----- RAW DATA

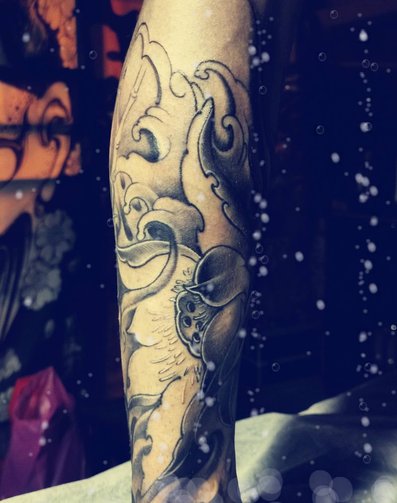 • T网红王老大花腿龙纹身图片_腿部新传统纹身图案
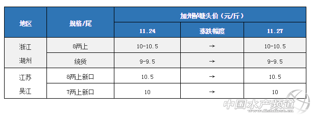 中國水產頻道原創報道,11月27日加州鱸塘頭報價及行情分析 文/圖 水產前沿 李曉欣 產區加州鱸塘頭價及行情簡析 華南地區 廣東佛山:今天佛山加州鱸新魚6兩上報價9.5元/斤左右,7兩上9.5-10元/斤,8兩上10-10.5元/斤,具體看魚頭大小及8兩上比例定價。目前魚價已經維持了近20天,由于價格低迷,養戶出小規格魚的意愿不高,寧愿放回魚塘養大再賣。隨著存塘大魚比例逐漸升高,養戶擔心存魚超標都以出大規格魚為主,外省流通商到佛山收魚增多,銷量有所上升,預計短期內魚價還是以維穩為主。 廣西南寧:南寧今天1斤上加州鱸報價12.5-13元/斤,魚價企穩。南寧本地魚達上市規格的還比較少,當地流通商多到廣東拉魚。 華東地區 浙江湖州:今天8兩上加州鱸報價10-10.5元/斤,統貨報價9-9.5元/斤,實際成交價看魚的成次。由于統貨魚價便宜,湖州當地魚中很少愿意收標魚,養戶以出統貨為主。湖州養戶為了減輕存塘壓力,出魚積極性較高。 江蘇吳江:吳江加州鱸今天報價7兩上10元/斤,8兩上10.5元/斤。由于魚價低迷,利潤空間較小,吳江養戶現在基本很少出魚。 華中地區 湖北武漢:今天武漢9兩上加州鱸報價10.5-11元/斤左右,目前魚價已經持穩了近一個月,由于魚價未達預期,當地養戶出魚意愿不強,本地銷量不大,市場以廣東魚為主。 湖南華容:華容9兩上加州鱸價格已持穩了超半個月,今天報價11元/斤。據悉,現在華容標魚所剩不多,當地出魚量有所減少。 西南地區 四川成都:成都今天9兩上報價12元/斤,當地銷量仍然較大,由于魚價較為低迷,部分養戶開始惜售。 |
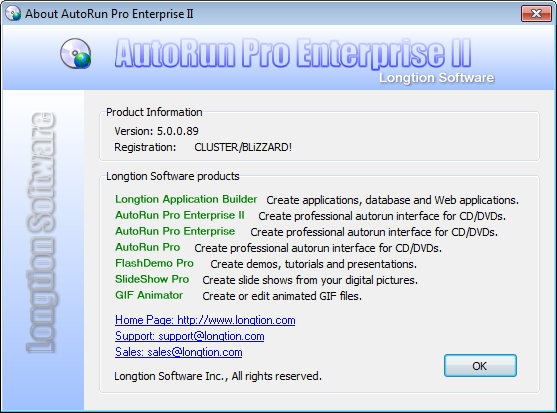 AutoRun Pro Enterprise II - это мощный визуальный инструмент для создания интерфейсов авто-загрузочных меню и презентаций профессионального уровня для CD/DVD. Это самый простой способ создания и редактирования таких интерфейсов в среде WYSIWYG (получаешь то, что видишь) - клик, перемещение и просмотр результата. Всё просто и быстро!

----------

Return each of the lines exactly as they appear above, with no images.

* _EXERCISE OUTPUT_:
 • T网红王老大花腿龙纹身图片_腿部新传统纹身图案
 中國水產頻道原創報道,11月27日加州鱸塘頭報價及行情分析 文/圖 水產前沿 李曉欣 產區加州鱸塘頭價及行情簡析 華南地區 廣東佛山:今天佛山加州鱸新魚6兩上報價9.5元/斤左右,7兩上9.5-10元/斤,8兩上10-10.5元/斤,具體看魚頭大小及8兩上比例定價。目前魚價已經維持了近20天,由于價格低迷,養戶出小規格魚的意愿不高,寧愿放回魚塘養大再賣。隨著存塘大魚比例逐漸升高,養戶擔心存魚超標都以出大規格魚為主,外省流通商到佛山收魚增多,銷量有所上升,預計短期內魚價還是以維穩為主。 廣西南寧:南寧今天1斤上加州鱸報價12.5-13元/斤,魚價企穩。南寧本地魚達上市規格的還比較少,當地流通商多到廣東拉魚。 華東地區 浙江湖州:今天8兩上加州鱸報價10-10.5元/斤,統貨報價9-9.5元/斤,實際成交價看魚的成次。由于統貨魚價便宜,湖州當地魚中很少愿意收標魚,養戶以出統貨為主。湖州養戶為了減輕存塘壓力,出魚積極性較高。 江蘇吳江:吳江加州鱸今天報價7兩上10元/斤,8兩上10.5元/斤。由于魚價低迷,利潤空間較小,吳江養戶現在基本很少出魚。 華中地區 湖北武漢:今天武漢9兩上加州鱸報價10.5-11元/斤左右,目前魚價已經持穩了近一個月,由于魚價未達預期,當地養戶出魚意愿不強,本地銷量不大,市場以廣東魚為主。 湖南華容:華容9兩上加州鱸價格已持穩了超半個月,今天報價11元/斤。據悉,現在華容標魚所剩不多,當地出魚量有所減少。 西南地區 四川成都:成都今天9兩上報價12元/斤,當地銷量仍然較大,由于魚價較為低迷,部分養戶開始惜售。 |
 AutoRun Pro Enterprise II - это мощный визуальный инструмент для создания интерфейсов авто-загрузочных меню и презентаций профессионального уровня для CD/DVD. Это самый простой способ создания и редактирования таких интерфейсов в среде WYSIWYG (получаешь то, что видишь) - клик, перемещение и просмотр результата. Всё просто и быстро!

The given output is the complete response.